We may never learn what happened to "Ambush Bug: Year None" #6, we may never learn what caused the massive delay before this series finale, and we may never learn why Keith Giffen didn't draw this issue by himself.

But I hope we do, because this final issue is a mess, and it seems likely that the real story behind the story is more interesting than what we find inside these pages.

Issue #7 addresses the delay and provides an in-story reason for "Whatever Happened to 'Ambush Bug Year None' #6?" It actually provides a two-part answer to that question. In part one, Art Baltazar and Franco ("Tiny Titans" maestros), disguised as humble, Eisner-award winning comic book broadcasters, stare at the reader until finally revealing, "We got nuthin'!" Then, in part two, a fedora-sporting P. I. tries to get to the bottom of the mystery, interviewing the Blackest Night Jonni DC, Dan DiDio, and everyone in between.

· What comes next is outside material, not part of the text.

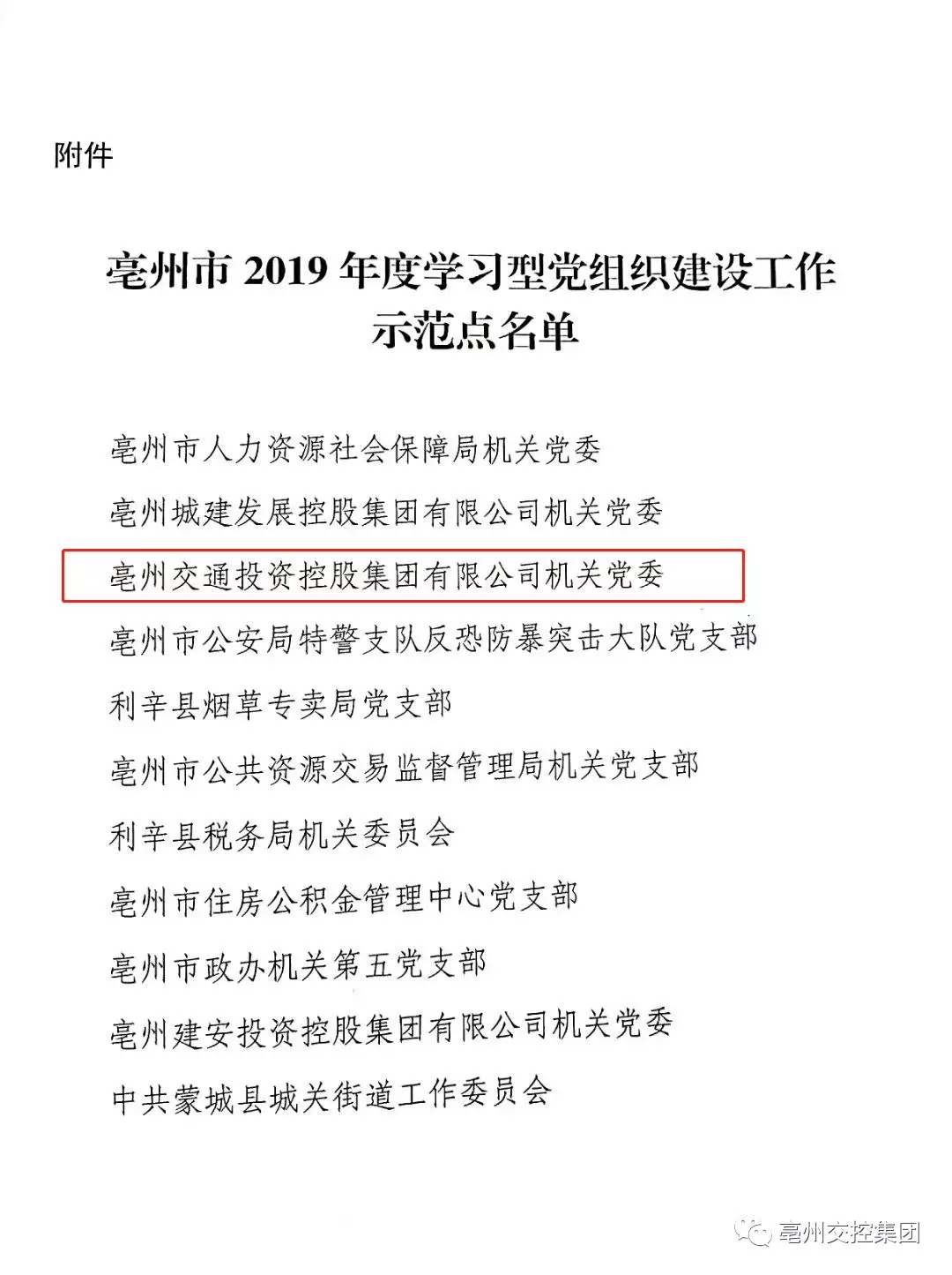 近日,中共亳州市委宣傳部印發(fā)了《關于授予市人力資源社會保障局機關黨委等11個黨組織為2019年度學習型黨組織建設工作示范點的通知》(亳宣通〔2019〕31號)文件,交控集團機關黨委榮獲全市“2019年度學習型黨組織建設工作示范點”稱號。

Baltazar and Franco draw the framing sequences (which amount to about 1/3rd of the comic), and the rest of the issue seems to be cut and pasted from unused panels from the missing issue #6.

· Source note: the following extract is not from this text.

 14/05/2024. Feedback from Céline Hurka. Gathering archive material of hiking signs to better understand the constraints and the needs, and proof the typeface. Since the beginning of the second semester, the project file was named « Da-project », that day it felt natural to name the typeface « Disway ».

Now it's possible that issue #7 is a commentary on the DiDio-helmed DC Comics, and there never was an issue #6. Maybe this issue's delay and fill-in art pages satirizes the release pattern of plenty of DC comic books in recent years. Maybe its fragmented, seemingly editorial-interfered story is the point.

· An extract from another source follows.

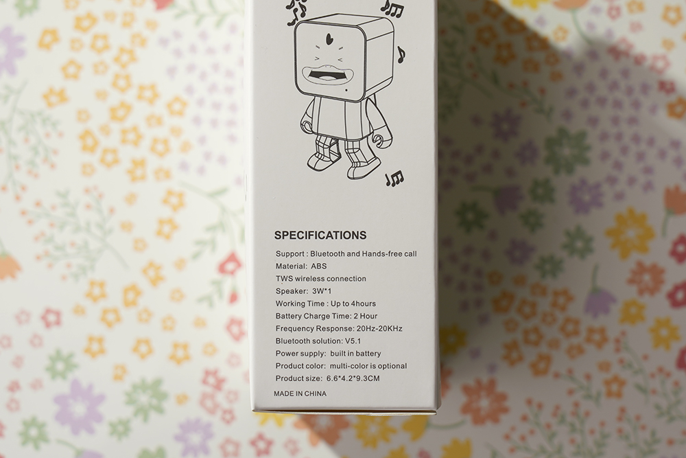 박스의 옆쪽에는 스펙이 표시되어 있습니다. 소재는 ABS 재질로 제작되었고 3W 출력의 스피커가 하나 탑재되어 있습니다. 그리고 블루투스 버전 V5.1을 지원한다는 특징이 있습니다.

But it makes for an unsatisfying conclusion, no matter the real intention here.

The main problem is that the Baltazar and Franco bits mean less page time for Ambush Bug, and less page time for Giffen's art. Giffen and Ambush Bug are the draw here -- the entire reason for the existence of this series is to see Giffen use Ambush Bug to playfully mock the DCU. With the character and creator absent from one-third of the pages, the story falls apart. And it's not like Giffen Ambush Bug stories have that much internal logic to begin with. But when we get scattered panels of what seem to be repurposed "Final Crisis" parody pages and Dan DiDio drawn as if he's in "Matrix Reloaded," well, it's not a comic book story anymore. It's just a collection of panels that don't add up to much of anything of value.

And worst of all, it's not even funny.